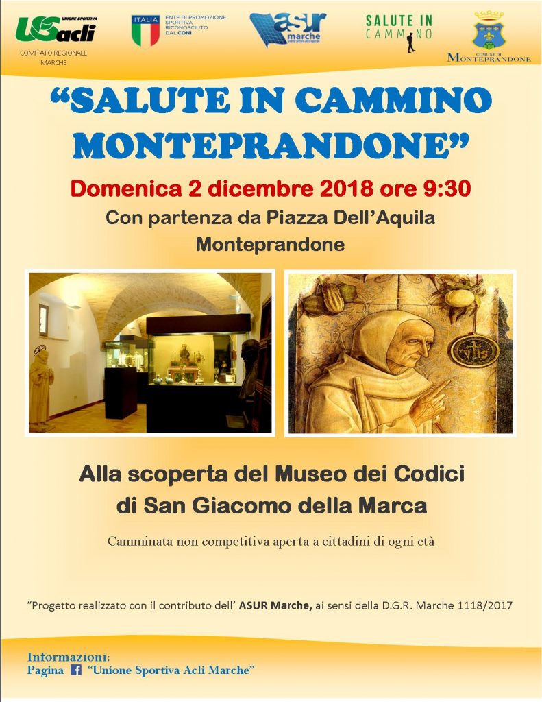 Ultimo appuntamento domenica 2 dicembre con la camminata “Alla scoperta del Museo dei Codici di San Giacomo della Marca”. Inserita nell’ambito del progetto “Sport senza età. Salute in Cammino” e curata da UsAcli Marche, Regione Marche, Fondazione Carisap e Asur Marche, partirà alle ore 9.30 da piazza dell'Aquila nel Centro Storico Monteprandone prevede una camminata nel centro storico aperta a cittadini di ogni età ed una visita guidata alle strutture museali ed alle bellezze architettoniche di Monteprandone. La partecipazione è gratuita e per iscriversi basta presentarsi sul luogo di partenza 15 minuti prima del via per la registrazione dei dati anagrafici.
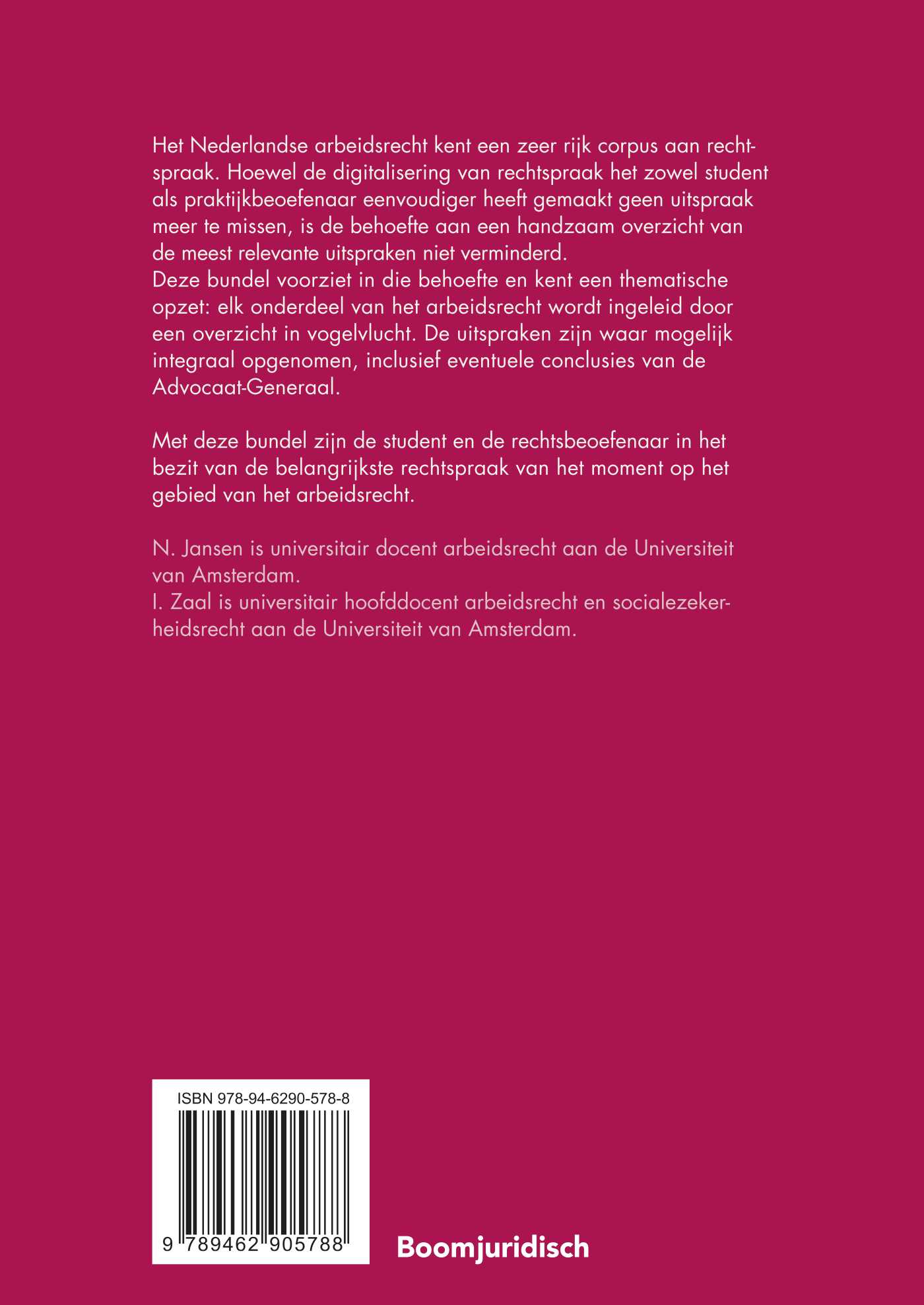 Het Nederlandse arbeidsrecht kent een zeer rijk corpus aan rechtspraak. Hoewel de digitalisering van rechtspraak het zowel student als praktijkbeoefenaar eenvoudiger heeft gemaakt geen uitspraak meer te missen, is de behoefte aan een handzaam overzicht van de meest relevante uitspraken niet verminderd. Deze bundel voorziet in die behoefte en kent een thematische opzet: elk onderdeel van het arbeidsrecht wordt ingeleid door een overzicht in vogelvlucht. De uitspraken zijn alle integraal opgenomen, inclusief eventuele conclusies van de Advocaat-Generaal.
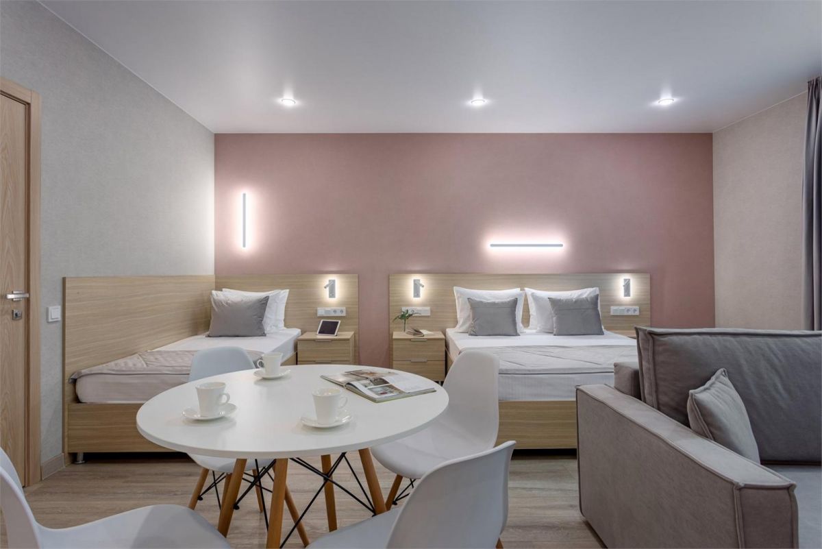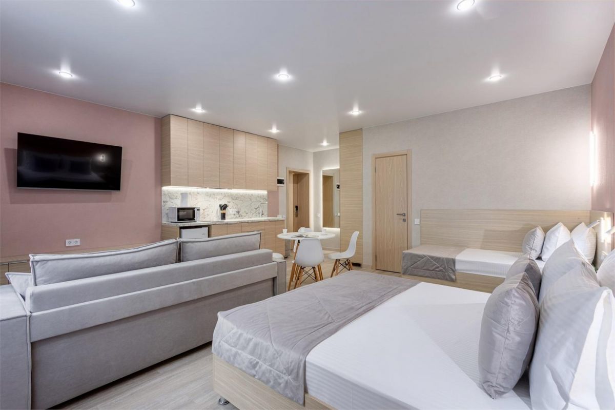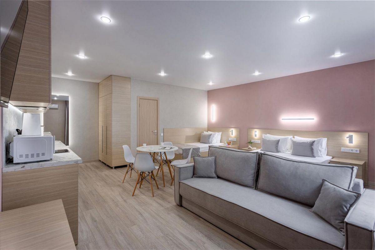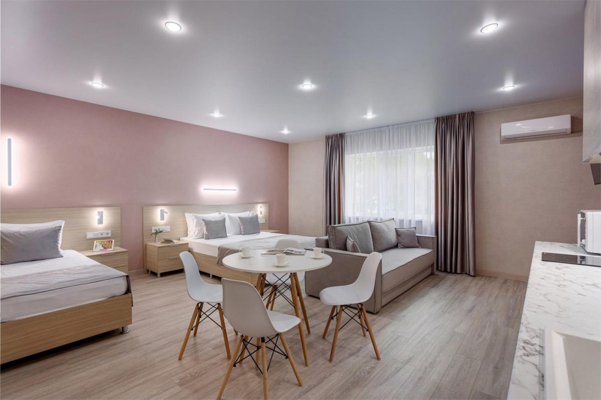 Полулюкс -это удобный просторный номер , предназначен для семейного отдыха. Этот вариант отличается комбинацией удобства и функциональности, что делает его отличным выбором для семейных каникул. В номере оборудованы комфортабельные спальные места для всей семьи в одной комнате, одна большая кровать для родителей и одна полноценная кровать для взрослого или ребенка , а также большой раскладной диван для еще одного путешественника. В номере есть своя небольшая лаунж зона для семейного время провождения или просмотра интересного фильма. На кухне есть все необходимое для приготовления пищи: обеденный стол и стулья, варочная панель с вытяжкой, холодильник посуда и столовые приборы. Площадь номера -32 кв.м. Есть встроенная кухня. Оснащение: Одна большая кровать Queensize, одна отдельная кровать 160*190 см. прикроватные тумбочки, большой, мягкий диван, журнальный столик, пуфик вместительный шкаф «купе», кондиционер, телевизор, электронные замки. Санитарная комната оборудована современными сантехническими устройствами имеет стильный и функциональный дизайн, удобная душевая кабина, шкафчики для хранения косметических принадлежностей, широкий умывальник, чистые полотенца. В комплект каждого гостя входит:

---

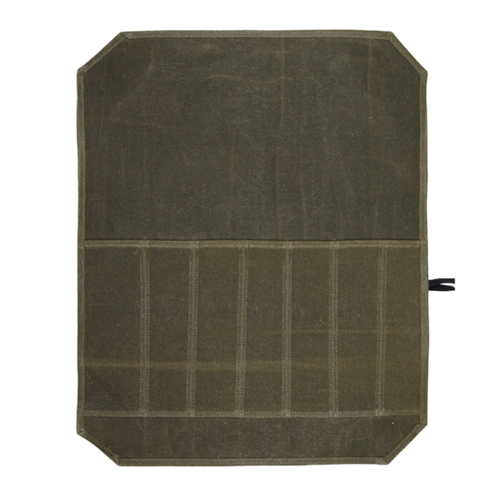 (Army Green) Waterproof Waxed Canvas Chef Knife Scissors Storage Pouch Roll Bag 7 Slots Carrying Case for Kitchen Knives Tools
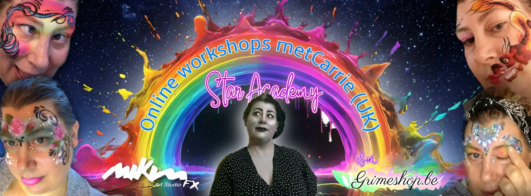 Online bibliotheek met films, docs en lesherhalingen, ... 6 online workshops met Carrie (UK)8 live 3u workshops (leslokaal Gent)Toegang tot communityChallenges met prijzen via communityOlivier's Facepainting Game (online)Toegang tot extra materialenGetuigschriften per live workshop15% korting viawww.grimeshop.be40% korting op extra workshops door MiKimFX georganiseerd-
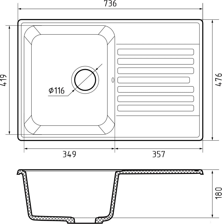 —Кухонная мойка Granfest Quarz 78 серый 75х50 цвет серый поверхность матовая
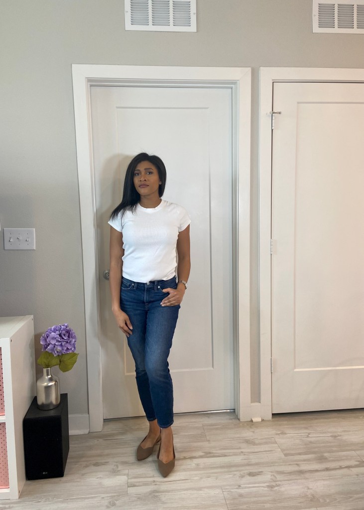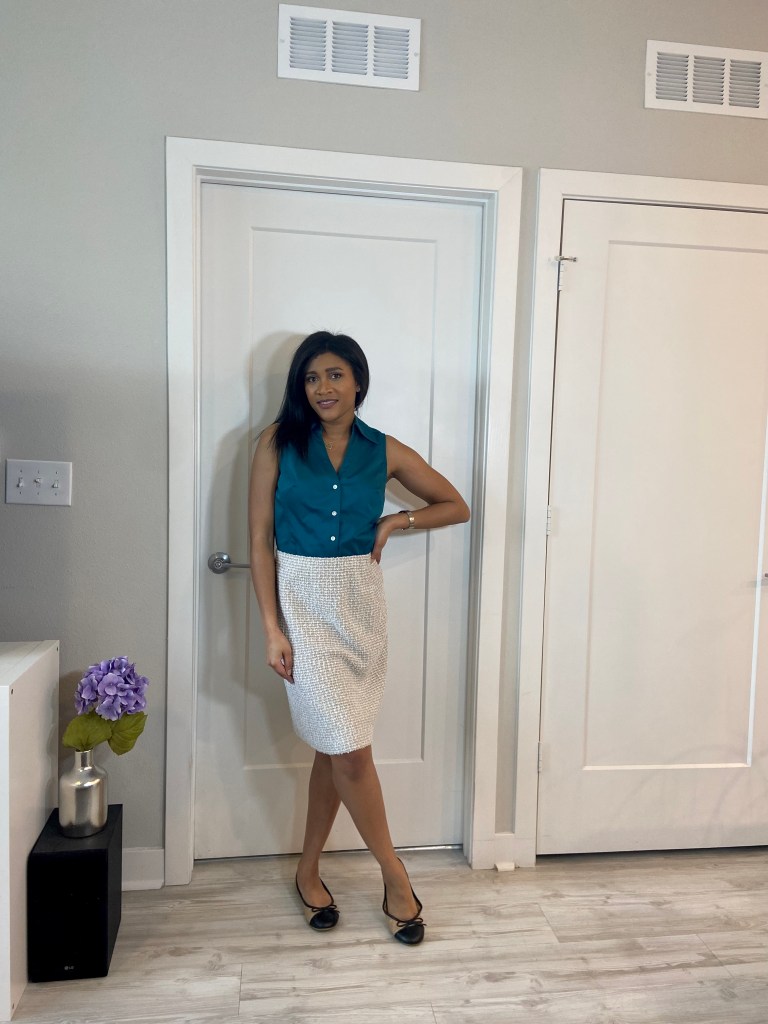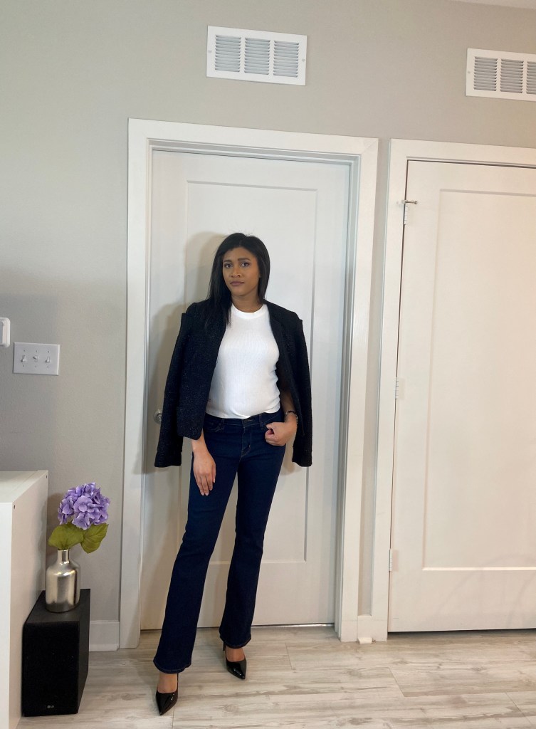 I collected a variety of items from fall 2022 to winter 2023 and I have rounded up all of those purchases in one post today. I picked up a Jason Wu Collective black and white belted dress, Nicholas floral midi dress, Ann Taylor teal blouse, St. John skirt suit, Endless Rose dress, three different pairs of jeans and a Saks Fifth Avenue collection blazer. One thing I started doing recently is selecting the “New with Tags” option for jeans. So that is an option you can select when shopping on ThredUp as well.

TASK REQUIREMENTS:
Above are the records. Copy only the lines from the one with "Ultimo appuntamento domenica" through the one with "Het Nederlandse arbeidsrecht", exactly, with no pictures.

SOLUTION TO THIS PROBLEM:
 Ultimo appuntamento domenica 2 dicembre con la camminata “Alla scoperta del Museo dei Codici di San Giacomo della Marca”. Inserita nell’ambito del progetto “Sport senza età. Salute in Cammino” e curata da UsAcli Marche, Regione Marche, Fondazione Carisap e Asur Marche, partirà alle ore 9.30 da piazza dell'Aquila nel Centro Storico Monteprandone prevede una camminata nel centro storico aperta a cittadini di ogni età ed una visita guidata alle strutture museali ed alle bellezze architettoniche di Monteprandone. La partecipazione è gratuita e per iscriversi basta presentarsi sul luogo di partenza 15 minuti prima del via per la registrazione dei dati anagrafici.
 Het Nederlandse arbeidsrecht kent een zeer rijk corpus aan rechtspraak. Hoewel de digitalisering van rechtspraak het zowel student als praktijkbeoefenaar eenvoudiger heeft gemaakt geen uitspraak meer te missen, is de behoefte aan een handzaam overzicht van de meest relevante uitspraken niet verminderd. Deze bundel voorziet in die behoefte en kent een thematische opzet: elk onderdeel van het arbeidsrecht wordt ingeleid door een overzicht in vogelvlucht. De uitspraken zijn alle integraal opgenomen, inclusief eventuele conclusies van de Advocaat-Generaal.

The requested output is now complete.